Distributed storage systems are the solution to store and manage data that does not fit on a conventional server. In this sense, size is not the only problem, but classic file systems, with their folder structure, do not support unstructured data either..
When we talk about big data or big data , the amount of data that will have to be managed is not known at the beginning of the project. Therefore, systems must be able to be easily expanded , while continuing to function, with additional servers that can be seamlessly integrated into the given storage system. The so-called Distributed File System (distributed file system) is shown to the user as a simple folder of a traditional file system, so that said person does not intuit that the individual data or even parts of it may be located on servers different that, perhaps, are in geographical points far from each other. Since both GlusterFS and Ceph are already software layers in Linux operating systems, they do not require additional hardware features . Linux works on any standard server and is compatible with all common hard drives on the market.
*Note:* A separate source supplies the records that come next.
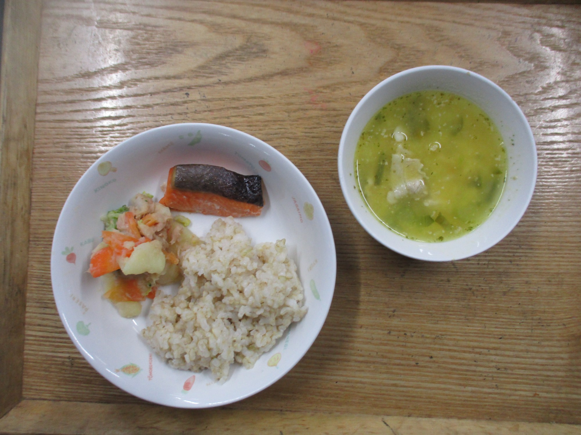 1枚目:【普通食:以上児】サケの醤油ソテー・ポテトサラダ・コーンスープ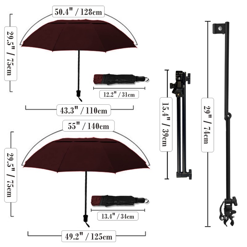 - Widely Uses - This clip-on golf umbrella is not only suitable for golf courses but also can be used in fishing, beach, baseball fields and swimming pools, it is your first choice for outdoor activities.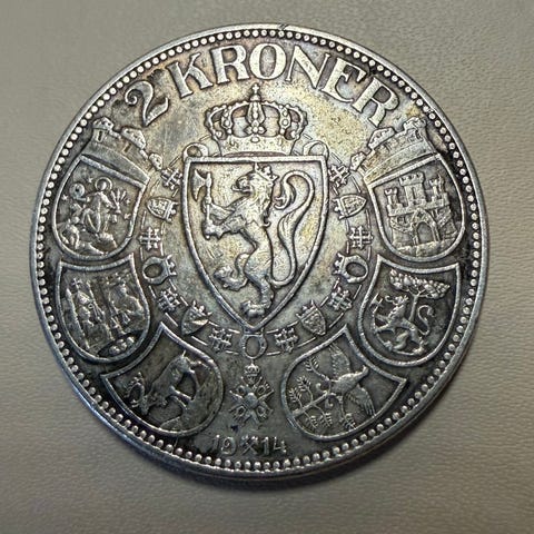 Norges Bank 2 kroner minnemynt fra 1914 i sølv Forsiden viser riksvåpenet med løve og krone, samt påskriften «2 kroner» og «Norge» med årstallet 1914.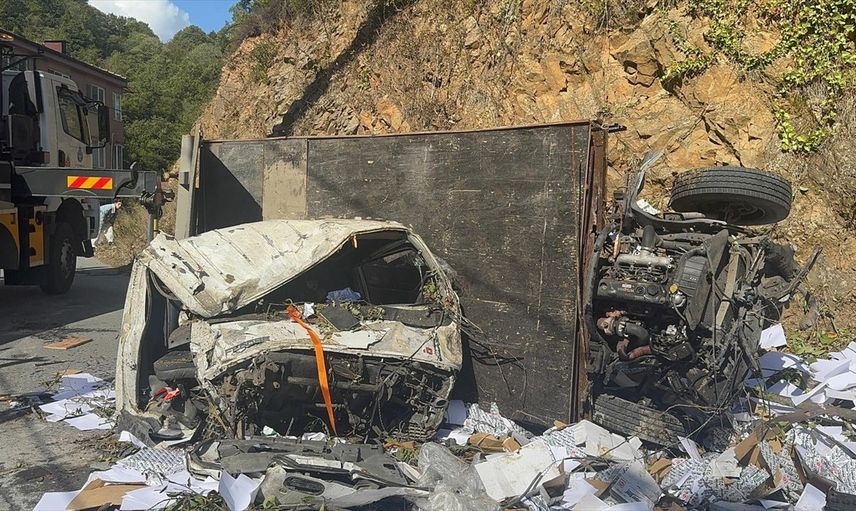 Sarıyer Dereiçi Sokak'ta şarampole devrilen kamyonette 2 kişi yaralandı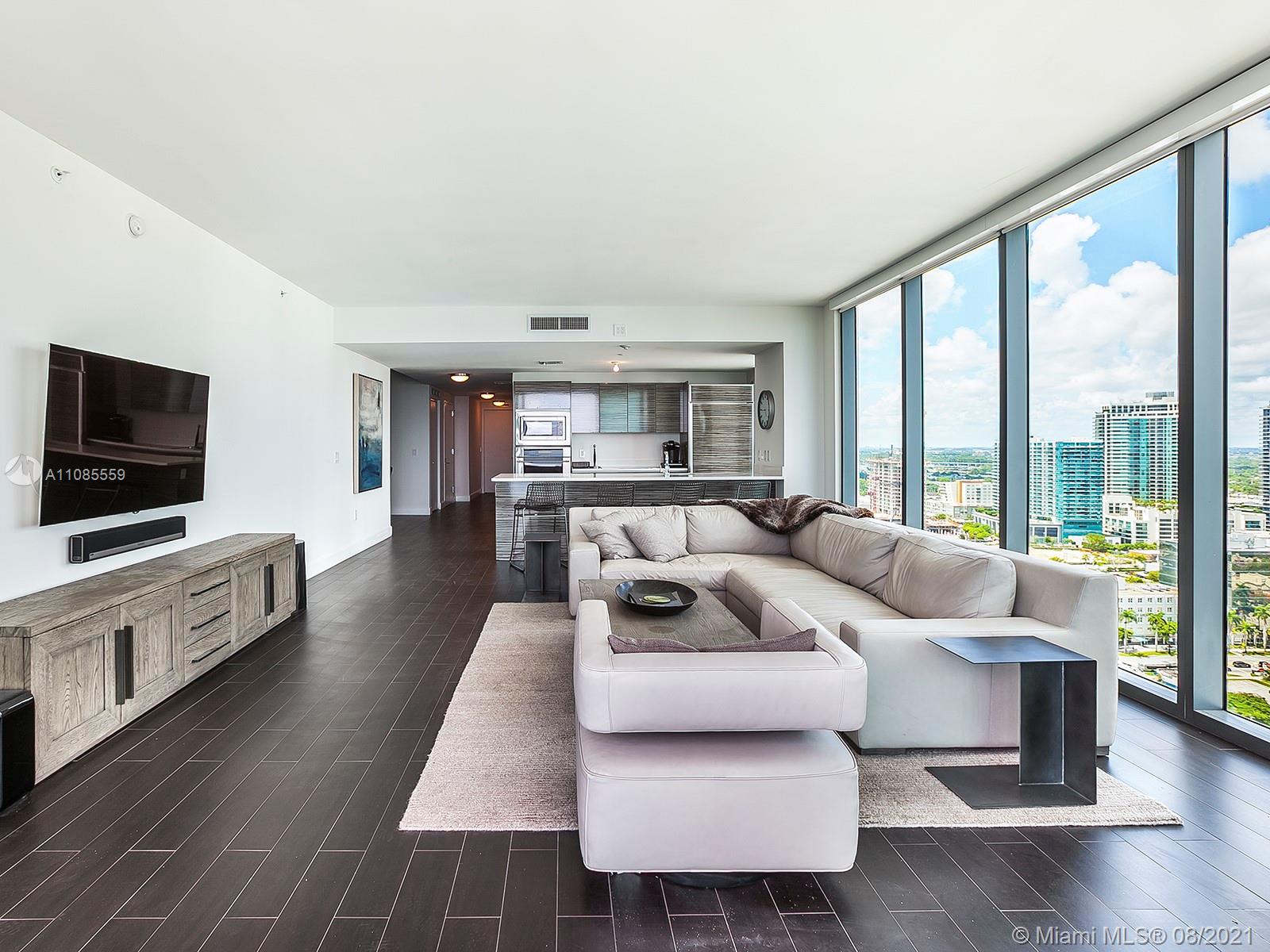 Spectacular direct bay views from this large 2 bedroom, 2 bathroom, plus a den/dinning room, in Edgewater's Icon Bay. Enter directly from the elevator, into the units private foyer, and enjoy its 1,300 sqft of open floorplan and all of its modern finishes, including automatic shades and blackout shades, quartz counter tops, and porcelain wood floor tiles. Relish in the building's resort-like amenities, which include an infinity pool, tennis courts, fitness center, game room, paddle boards for the bay, and much more. The unit includes one assigned parking space and additional parking can be arranged.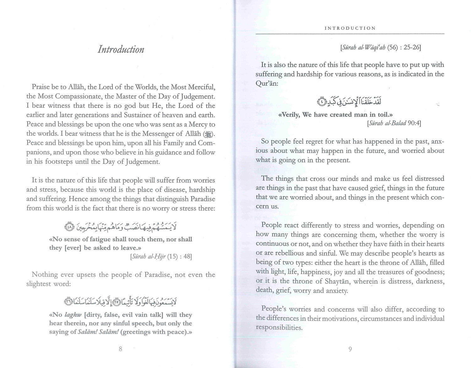 مقدمة المقدمة الحمد لله رب العالمين الرحمن الرحيم مالك يوم الدين. أشهد أن لا إله إلا هو رب الأولين والآخرين وقيوم السماوات والأرض. والصلاة والسلام على من أرسل رحمة للعالمين. وأشهد أنه رسول الله صلى الله عليه وسلم وعلى آله وصحبه أجمعين وعلى من آمن بهداه واقتدى به إلى يوم الدين. من طبيعة هذه الحياة أن يعاني الناس من الهموم والضيق، لأن هذه الدنيا دار المرض والمشقة والمعاناة. ومن بين ما يميز الجنة عن الدنيا أنه لا يوجد فيها قلق أو ضيق: لا يَمَتُهُمْ فِيهَا نَصَبٌ وَمَا هُمْ مِّنْهَا بِمُخْرَمِينَ <no sense of fatigue shall touch them nor they be asked to leave.>> [سورة الحجر (15): 48] لا شيء يزعج أهل الجنة قط ولا كلمة واحدة: لَا يَسْمَعُونَ فِيهَا لَغُوا وَلَا تَأْتِيمَان إِلَّا قِيلًا سَلَمَا سَلَمَا «لَا يَسْمَعُونَ فِيهَا لَغُوًا» [سورة الحجر (15): 48] . سلام! (تحية مع السلام).»> 8 [سورة الواقعة (56): 25-26] ومن طبيعة هذه الحياة أيضًا أن يتحمل الناس المعاناة والمشقة لأسباب مختلفة، كما هو مبين في القرآن: «لَقَدْ خَلَقْنَا الْإِنسَانَ فِي كَبَدٍ» [سورة البلد 90:4] لذلك يشعر الناس بالندم على ما حدث في الماضي، والقلق بشأن ما قد يحدث في المستقبل، والقلق بشأن ما يجري في الحاضر. الأشياء التي تخطر ببالنا وتجعلنا نشعر بالضيق هي أشياء في الماضي تسببت في الحزن، وأشياء في المستقبل تقلقنا، وأشياء في الحاضر تهمنا. يتفاعل الناس بشكل مختلف مع التوتر والقلق، اعتمادًا على عدد الأشياء التي تهمهم، وما إذا كان القلق مستمرًا أم لا، وما إذا كان لديهم إيمان في قلوبهم أم أنهم متمردون ومذنبون. يمكن وصف قلوب الناس بأنها نوعان: إما أن يكون القلب عرش الله، مملوءًا بالنور والحياة والسعادة والفرح وكنوز الخير، وإما أن يكون عرش الشيطان، فيه الضيق والظلمة والموت والحزن والهم والغم. وتختلف هموم الناس ومشاكلهم باختلاف دوافعهم وظروفهم ومسؤولياتهم.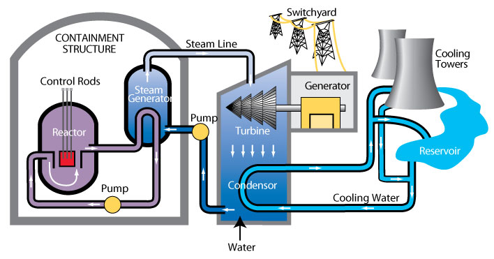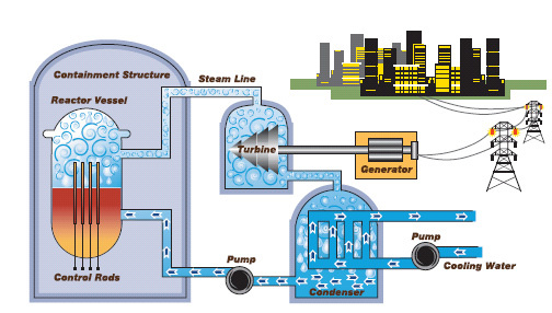 Pada penggunaan tenaga nuklir, sistem kondensor mereka membuang energi panas. Jumlah energi panas tersebut bervariasi tergantung dari komponen yang digunakan pada pembangkit tersebut. Namun pada umumnya, ada sekitar 60% – 70% energi panas dikeluarkan dari penggunaan energi nuklir. Beberapa pembangkit listrik, mengunakan cooling towers dan sebagian lain menggunakan air dalam jumlah yang banyak, seperti danau buatan atau danau dan sungai alami. [AdSense-B]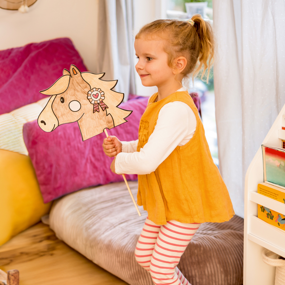 Mit dem Spiegelburg Steckenpferd-Bastelset „Mein kleiner Ponyhof“ können Kinder ihre eigenen Steckenpferde gestalten. Das Set enthält: 6 Pferdefiguren zum Ausmalen, 6 Kokarden, 6 Holzstäbe und 60 transparente Klebepunkte zum Befestigen. Kinder können die Pferde individuell gestalten und anschließend damit spielen. Das Bastelset fördert Kreativität, Feinmotorik und Fantasie und ist perfekt für Kindergeburtstage, Ferienaktionen oder einfach für kreative Nachmittage zu Hause.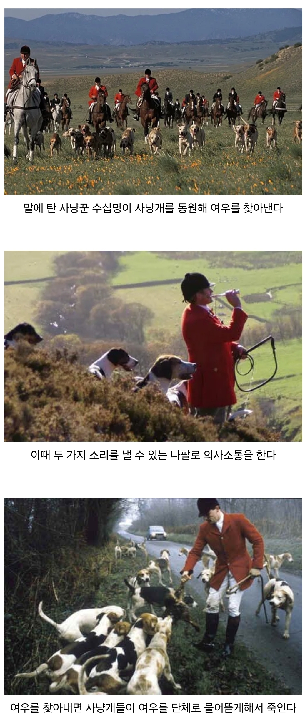 그냥 재미로 죽이는거임 과거에는 가죽과 고기를 얻을 목적으로 사냥했지만 스포츠화 하면서 단순히 여우를 죽이는 재미로 변질된거 | 25.01.17 18:43 | | |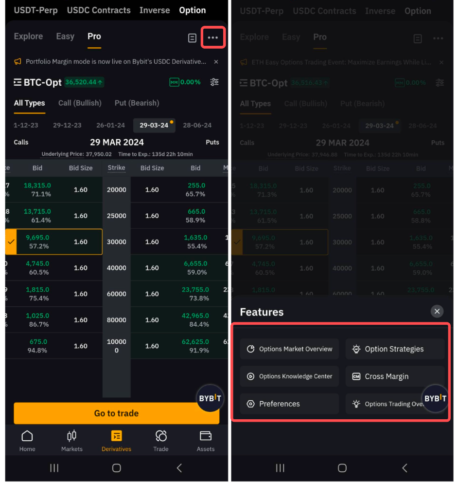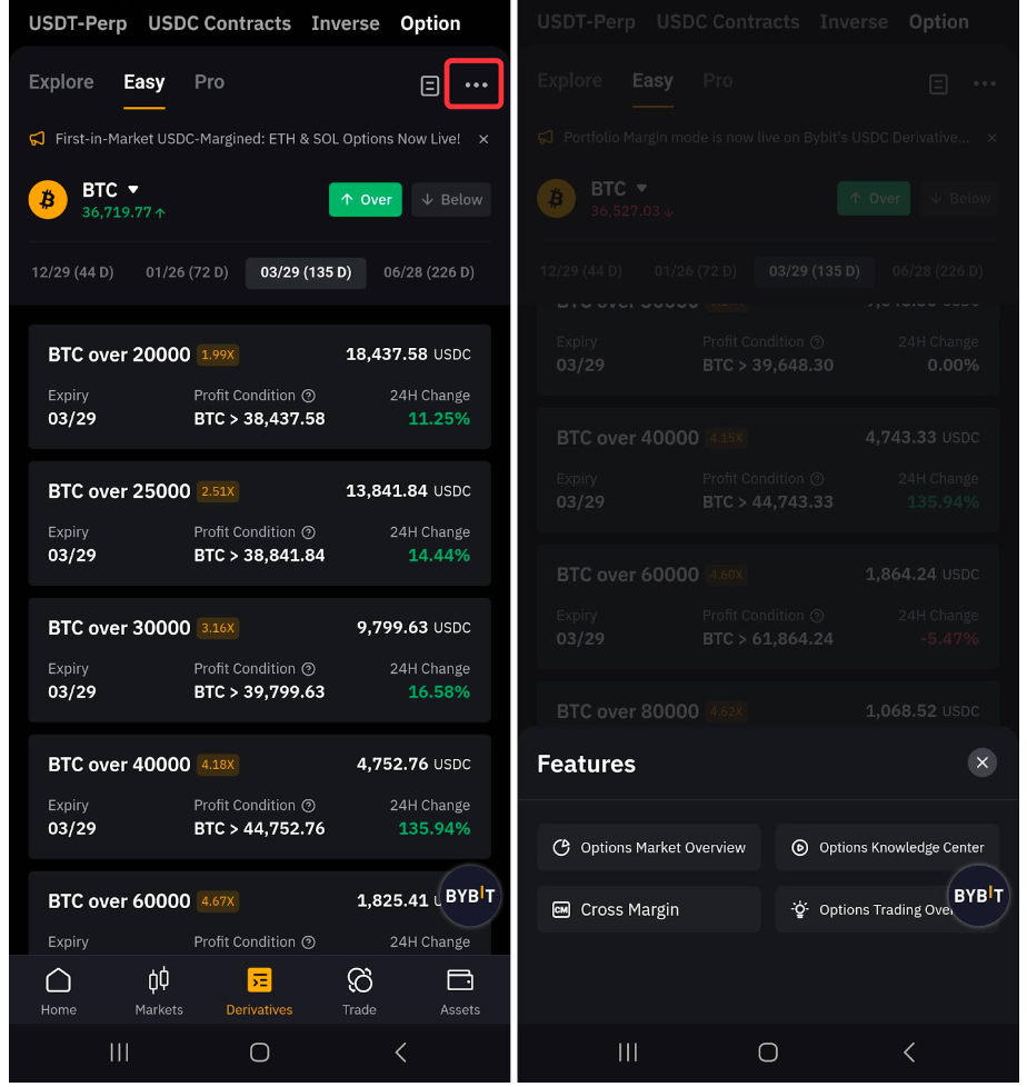 トレーダーは、オプション市場概要、オプション知識ベース、オプション取引概要などの追加情報にアクセスしたり、三点リーダーをタップして、異なるマージンモードに切り替えたりすることもできます。

High availability is an important issue in distributed storage solutions: hardware breakdowns should be avoided as much as possible and the software running that runs the system should not be interrupted when new components are added, or when necessary. maintenance work is necessary. Important metadata cannot be stored in a single central location, but must be accessible in a decentralized way and no items should be left without redundancy. In the event of a server failure, the entire system must never be compromised. GlusterFS and Ceph are systems to host data from big data projects in the same system and to be able to filter it from there. Both can be expanded almost as much as you like , but are based on different approaches ..
The term big data ( big data , massive data) refers to quantities, rather masses of data very large, complex and with little structure, such as those collected in certain sensors for scientific purposes (GPS satellites, for example) or in meteorological or statistical systems. In the field of big data, in addition to storage, efficient search and systematic organization of data play a key role.
GlusterFS is a distributed file system with a modular structure, in which several servers are connected to each other over a TCP / IP network. Since it is a POSIX (Portable Operating System Interface) compliant system, GlusterFS can be easily integrated into Linux server environments , as can FreeBSD, OpenSolaris, and macOS, which are also POSIX compliant. Integration in Windows environments, however, is currently only possible indirectly through a Linux server acting as a gateway ..
GlusterFS started out as a classic, file-based storage system. Later it became object-oriented and when making the change, special importance was placed on its ability to be properly integrated into the well-known open source solution OpenStack. In the background, GlusterFS continues to work with files: each file is assigned an object and the connection between them is established by hardlinks on the file system. For the user, no dedicated server is shown , but he or she has their own interfaces to save their data in GlusterFS, which is presented as a single system.
Ceph's open source distributed storage solution is an object-oriented memory based on binary objects, thus avoiding the rigid block structures of conventional data carriers. In terms of hardware, Ceph also uses hard drives, but an algorithm is responsible for managing the binary objects , which are divided into many parts and spread over many servers, but then re-unified.
All components work in a decentralized manner. All OSDs (Object Based Storage Device) have the same rights. In this way, as many servers as you like, with their different hard drives , can be connected to each other to form a unified storage system . Through three important interfaces, Ceph offers different possibilities to integrate it into the existing system environment: CephFS as a Linux file system driver, RADOS Block Devices (RBD) as a Linux device, which can be directly integrated; and RADOS Gateway, compatible with Swift and Amazon S3.
Since there are several technical differences between GlusterFS and Ceph, there is no clear winner . Ceph is in principle an object-based storage system for unstructured data, while GlusterFS uses tree-shaped file systems on block-based devices. GlusterFS originates from a highly efficient , file-based storage system , but is increasingly developing in an object-oriented way. Ceph, however, it was originally developed as storage device objects ( object storage ) binary , not a classic file system. This can lead to weaknesses in typical operations of traditional file systems.
Ceph, thanks to its varied interfaces, works well in heterogeneous networks , in which not only Linux is used, but also other operating systems. The strong point of GlusterFS, on the other hand, is the storage of large amounts of data in traditional format, as well as large data . Since Ceph was developed from the outset as an open source solution , in the past it was easier to use in many cases, until GlusterFS became open source as well. A very relevant area of application for distributed storage systems is cloud services. In this sense, OpenStack is one of the most important software projects offering architectures for cloud computing. Both GlusterFS and Ceph work equally well with OpenStack.